Kanna in Modern Drinks

Kanna is one of the most exciting ingredients to enter the functional-drink category because it delivers something that had been missing: a specific, pleasant, acute mood lift that doesn't depend on caffeine or alcohol. The first wave of functional drinks leaned on adaptogens (ashwagandha, rhodiola) that are mechanistically great but don't produce a perceptible same-day effect. Kanna closes that gap.

Drink Pike uses a standardized kanna extract paired with kava — the kava contributes the calm, body-felt relaxation and the kanna contributes the mood lift.
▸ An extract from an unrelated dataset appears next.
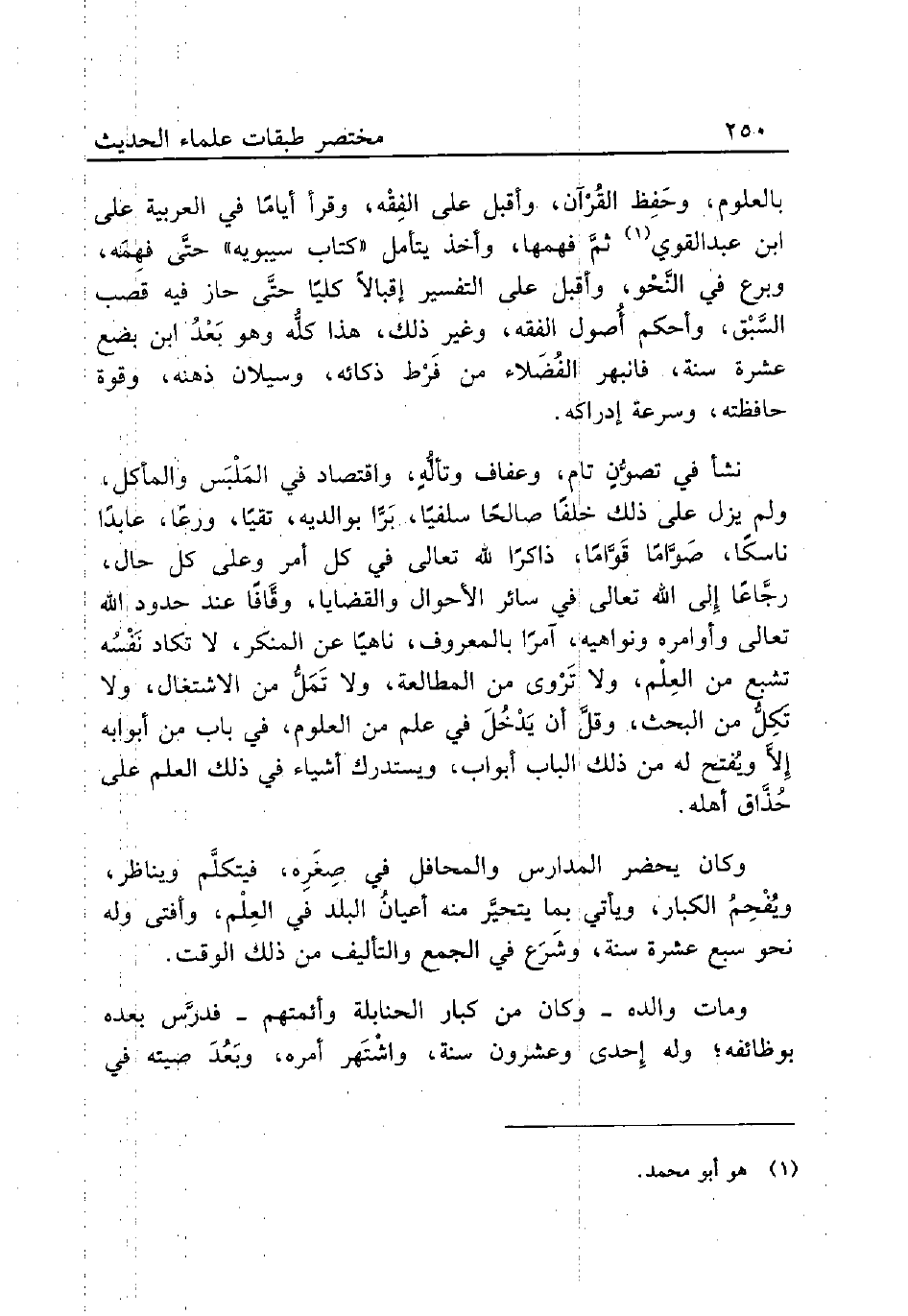 بالعلوم، وحَفِظ القُرْآن، وأقبل على الفِقْه، وقرأ أيامًا في العربية على ابن عبد القوي (¬1) ثمَّ فهمها، وأخذ يتأمل «كتاب سيبويه» حتَّى فهِمَه، وبرع في النَّحْو، وأقبل على التفسير إقبالاً كليًا حتَّى حاز فيه قصب السَّبْق، وأحكم أُصول الفقه، وغير ذلك، هذا كلُّه وهو بَعْدُ ابن بضع عشرة سنة، فانبهر الفُضَلاء من فَرْط ذكائه، وسيلان ذهنه، وقوة حافظته، وسرعة إدراكه.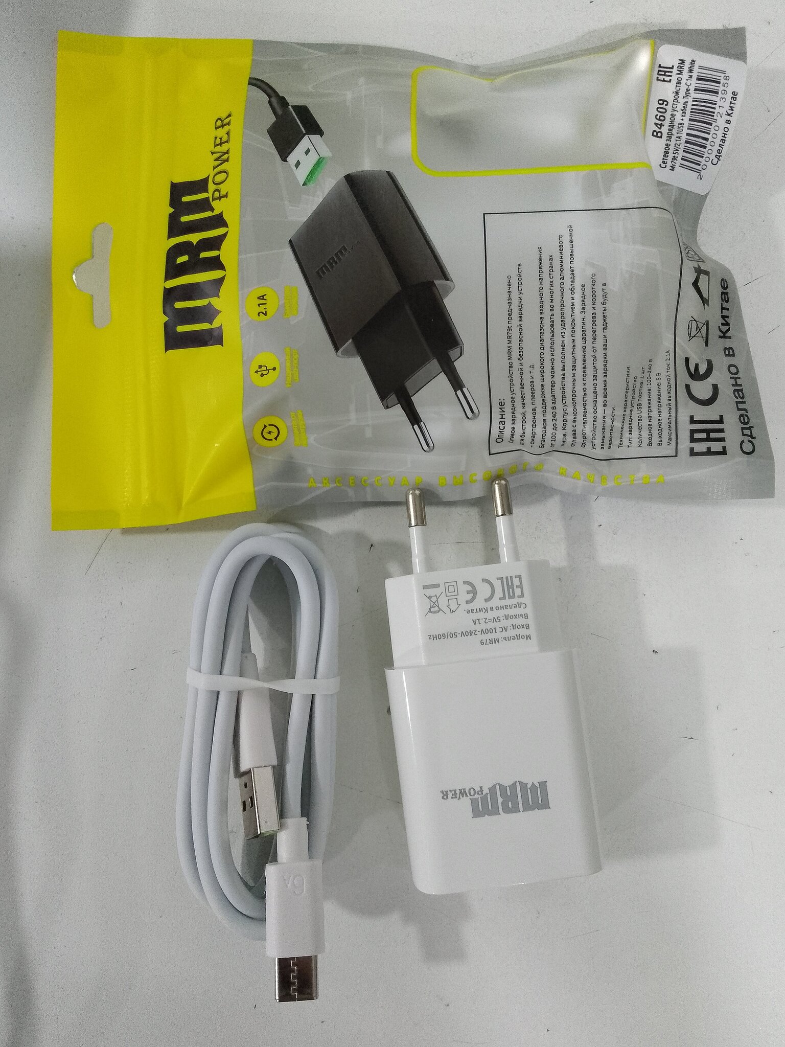 Сетевое зарядное устройство Type-C MRM MR79t 5V/2.1A 1м. белое

The combination is specifically engineered to approximate the "good parts" of a first drink: mood up, anxiety down, conversation easier — minus the alcohol, the calories, and the tomorrow.

Common Questions About Kanna

Does kanna get you high?

No. Kanna produces a subtle mood lift and reduced social anxiety but is not psychoactive in the classical sense. People remain clear-headed, functional, and fully themselves — just less guarded.

Is kanna an SSRI?

No, but it interacts with the serotonin system. Kanna's main alkaloids (mesembrine, mesembrenone) act as weak serotonin reuptake inhibitors (SRIs) and PDE4 inhibitors. Because of this interaction, kanna should not be combined with SSRIs, SNRIs, MAOIs, or other serotonergic medications.

Is kanna legal in the US?

Yes. Kanna is legal to buy, sell, and consume in all 50 US states. It is not a controlled substance federally or at the state level.

How long do kanna effects last?

Onset is typically 15–30 minutes. Effects last 1–2 hours, with some users reporting a gentle lingering mood improvement for the rest of the day.

Is kanna addictive?

Kanna has no documented withdrawal syndrome and is not considered physically addictive at typical doses. It is not habit-forming in the way stimulants or opioids can be.


Primary references: Gericke, N. & Viljoen, A.M. (2008). "Sceletium tortuosum – a review update." Journal of Ethnopharmacology. Harvey, A.L. et al. (2011). "Pharmacological actions of the South African medicinal and functional food plant Sceletium tortuosum and its principal alkaloids." Journal of Ethnopharmacology. NIH ODS — Kanna dietary ingredient summary.